It makes me spontaneously have a lisp, shave all my body hair, apply skin oils and take an unusual interest in shoes.


----------



## Kennnie (Oct 21, 2010)

It feels good to be gay for a day


----------



## gomenne (Oct 3, 2009)

I don't know either, you people tell me


----------



## Kennnie (Oct 21, 2010)

Kennnie said:


> It feels good to be gay for a day


 i stand by this


----------



## Perfectionist (Mar 19, 2004)

Very smooth and hairless!


----------



## Nameless Someone (Oct 21, 2010)

Awesome


----------



## SuchSweetSorrow (Jun 1, 2011)

let me sum it up for you in the most general way i can;

your question wasn't what does it feel like to be a woman or female; 

it was 'feminine' 

Imagine a big sleek panther, walking slowly through the jungle, not fearing anything, moving in liquid motion, 

watch the shoulder blades of it gracefully sweeping up and down as it puts one paw in front of the other; 

eyes are intense, its in hunt mode, satisfied being in existence and knowing, the world and any object of its desire can be had. 

THAT is what it is like to feel feminine.


----------



## aw1993 (Aug 8, 2011)

it feels like a limit on the self although i do like being girly


----------



## bsd3355 (Nov 30, 2005)

iHadItComing said:


> let me sum it up for you in the most general way i can;
> 
> your question wasn't what does it feel like to be a woman or female;
> 
> ...


this may sound incredably awkward on my part but i feel that way sometimes but not the desire to be mystical but rather a bad ***...

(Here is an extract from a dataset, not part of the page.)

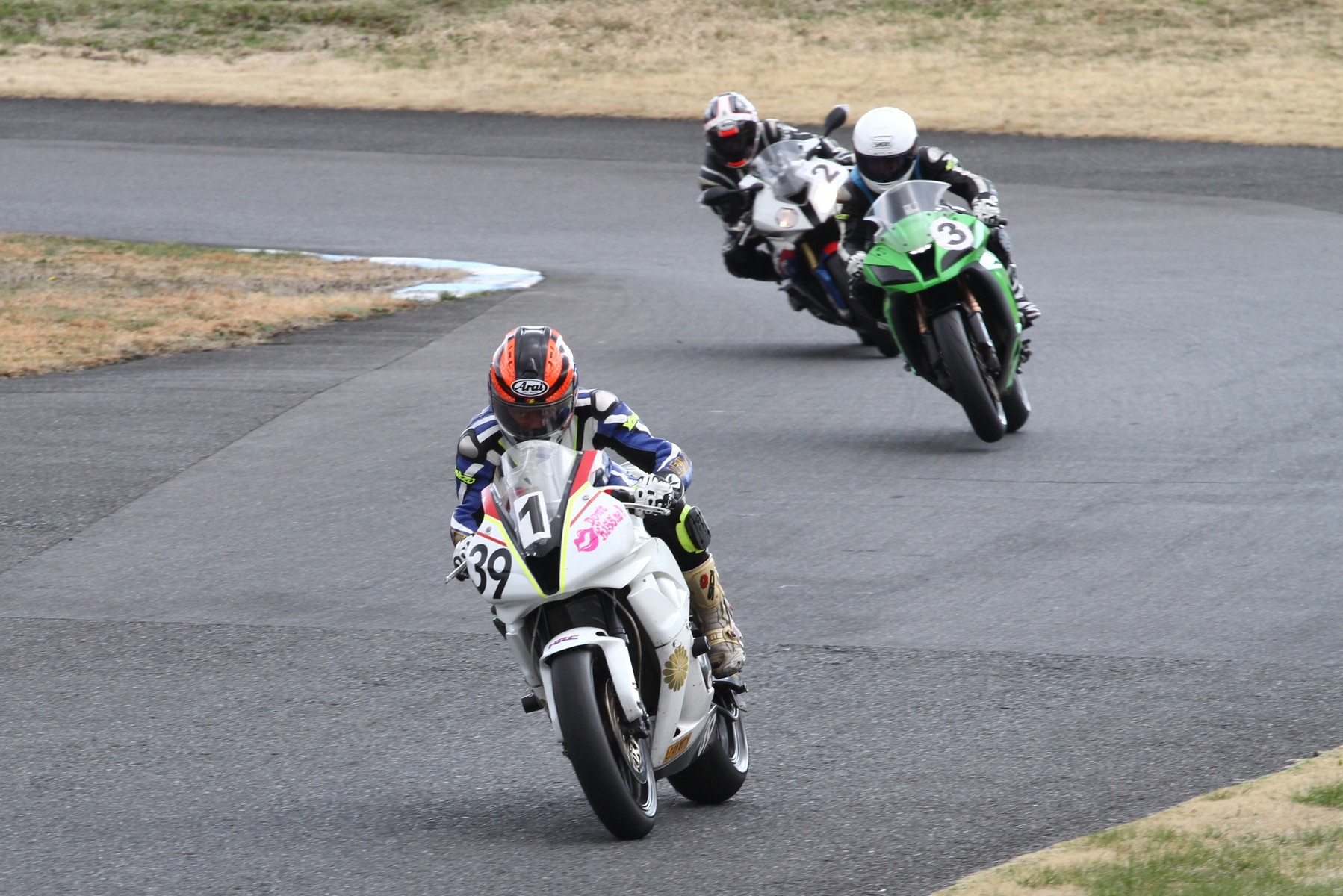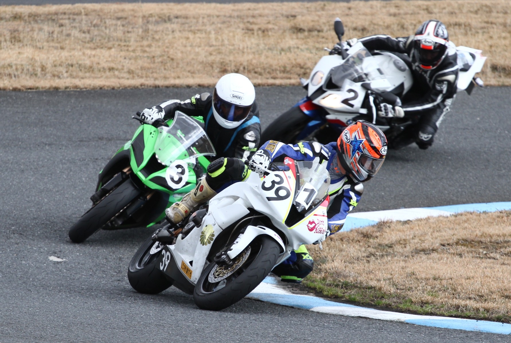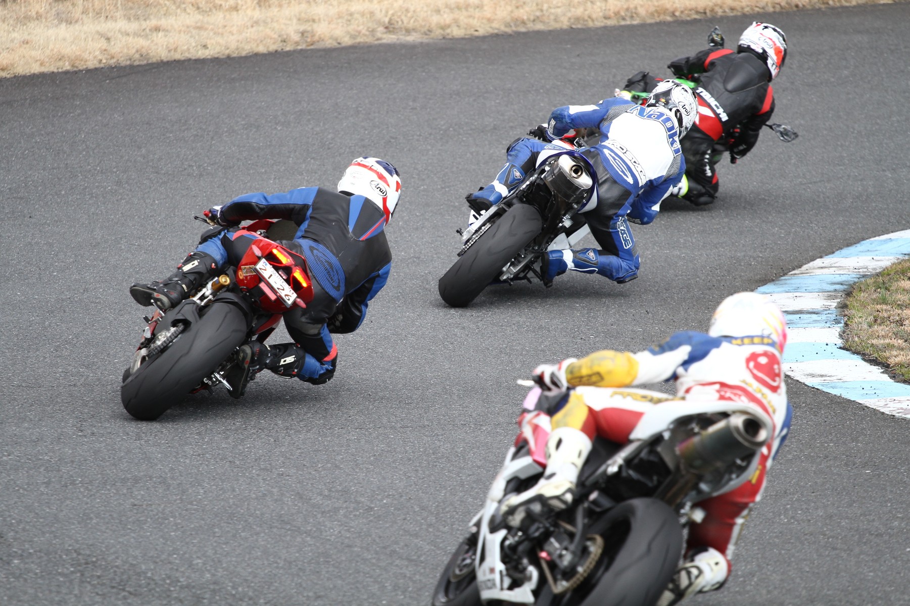 溜まらずラインブレイク。3番手には高橋S1000RR、4位争いは………

i see femininity like a showcase of gracefulness and allure mixed into one


----------



## foodie (Apr 27, 2010)

.


----------



## pita (Jan 17, 2004)

Perfectionist said:


> Very smooth and hairless!


I think I'm doing it wrong.


----------



## leonardess (Jun 30, 2009)

wow, well I ain't masculine, but I ain't that either. I must be some other "ine".



iHadItComing said:


> let me sum it up for you in the most general way i can;
> 
> your question wasn't what does it feel like to be a woman or female;
> 
> ...


----------



## senrab (Apr 23, 2006)

not being able to open a jar.


----------



## DeeperUnderstanding (May 19, 2007)

I wonder...


----------



## coeur_brise (Oct 7, 2004)

I've no idear. I must be doing it wrong. Certainly there are some feminine qualities inherent in a female, on the other hand, a lot of it concerns appearance and a certain angelic quality.


----------



## bsd3355 (Nov 30, 2005)

I don't understand. How can one be a woman and not be able to define her femininity? It is easy for me to define my masculinity.


----------



## leonardess (Jun 30, 2009)

^ all right then, define it.


----------



## sas111 (Oct 20, 2010)

I can't speak for every girl, but I feel soft, dainty, weak, poise (well when i'm around certain people), & a bit bouncy (the way I walk). :teeth 

Don't really know how to answer this question.


----------



## bsd3355 (Nov 30, 2005)

Being aggressive in thoughts and actions pretty much sums it up. Women are this way too so I guess I see your point... (applies palm to forehead)...

foiled once again...


To say a man and a woman only inherit nurturing, or on the other spectrum aggressive behaviors, doesn't seem accurate, so to say a man or woman is only masculine or feminine is pretty vague. I would say anatomy is probably the only thing that separates "masculine" from "feminine" attributes - make sense?


----------



## leonardess (Jun 30, 2009)

I think I could only explain with any accuracy how it feels to be me, to be honest.


----------



## bsd3355 (Nov 30, 2005)

leonardess said:


> I think I could only explain with any accuracy how it feels to be me, to be honest.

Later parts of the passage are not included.